C’est ce qui, en fin de compte, a permis une reprise partielle ainsi qu’une traction et un élan renouvelés pour poursuivre un programme bilatéral plus ambitieux. Le DHS est devenu un nouvel acteur clé dans la relation et le Mexique et les États-Unis se sont engagés dans un niveau sans précédent de partage de renseignements, par exemple en partageant les listes de passagers de tous les avions volant dans l’espace aérien mexicain et les individus sur les listes de surveillance, empêchant ainsi « l’achat de visa » (individus refusés un visa pour les États-Unis essayant d’en obtenir un pour entrer au Canada ou au Mexique) et mettre en œuvre des programmes de voyageur de confiance. La coopération entre militaires a commencé à progresser, quoique lentement, au point que quelques années plus tard, des liaisons de l’armée mexicaine, de l’armée de l’air et de la marine avaient été affectées en permanence au quartier général du NORTHCOM à Colorado Springs. Les discussions sur la gestion des pandémies (qui ont si bien servi les pays en 2009 avec le H1N1) ou la perturbation des chaînes d’approvisionnement régionales essentielles pour les trois voisins nord-américains sont nées de ce changement de paradigme.
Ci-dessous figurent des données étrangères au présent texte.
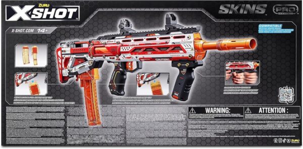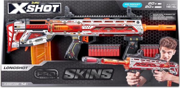 - Pack Inclusion: 1x X-Shot Skins Pro Series Longshot Blaster 2x Dart Clips 20x X-Shot Pro Series Half-Length Darts 20x X-Shot Pro Series Full-Length Darts
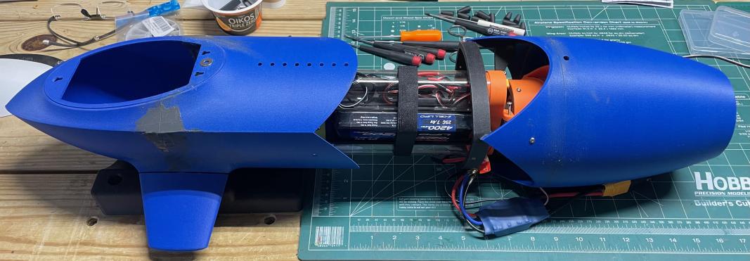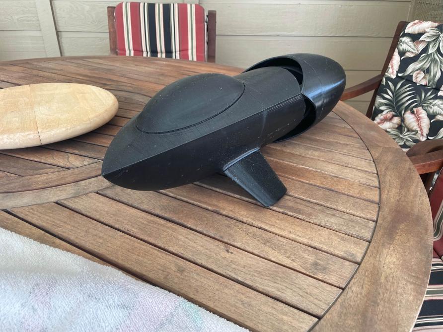 Still a work in progress, played with a few iterations of ballast system. I keep trying to make things harder than they need to be (Y?). Initially wanted everything in the wet except the receiver and ESC's. Have come full circle to where only the drive motor and servo's are in the wet so a lot of the internals are changing. In the mean time getting used to resin printing - first up the canopy. Check out the before and after polishing and sealing for clarity. next up resin printing the WTC - its an odd shape to do and needs to accommodate threaded inserts. as i build this keep seeing things to fix to make it easier to print, assemble, etc...

Sans aucun doute, il reste encore beaucoup à faire pour tirer parti de la promesse d’une relation véritablement stratégique entre le Mexique et les États-Unis que les attentats terroristes du 11 septembre ont imposée aux deux nations. Pour commencer, le Mexique ne peut pas continuer à être une réflexion stratégique après coup ou à tenir pour acquis par les intérêts de la sécurité nationale et de la politique étrangère des États-Unis – comme il est resté au 21e siècle malgré une plus grande prise de conscience de son importance en matière de sécurité pour les États-Unis. Et Washington et Mexico – et en fait Ottawa aussi – doivent améliorer la connaissance du domaine commun nord-américain à tous les niveaux, qu’il s’agisse de nos efforts continus pour garantir que le sol mexicain et la frontière américano-mexicaine ne soient pas utilisés par des nations rivales ou des acteurs non étatiques pour menacer ou saper la sécurité intérieure aux États-Unis ou notre engagement sur toute une série de fronts : le crime organisé transnational ; la cyber-sécurité; les flux de transmigration ; la sécurité, l’efficacité et l’indépendance énergétiques de l’Amérique du Nord; ou les ressources en eau à la frontière.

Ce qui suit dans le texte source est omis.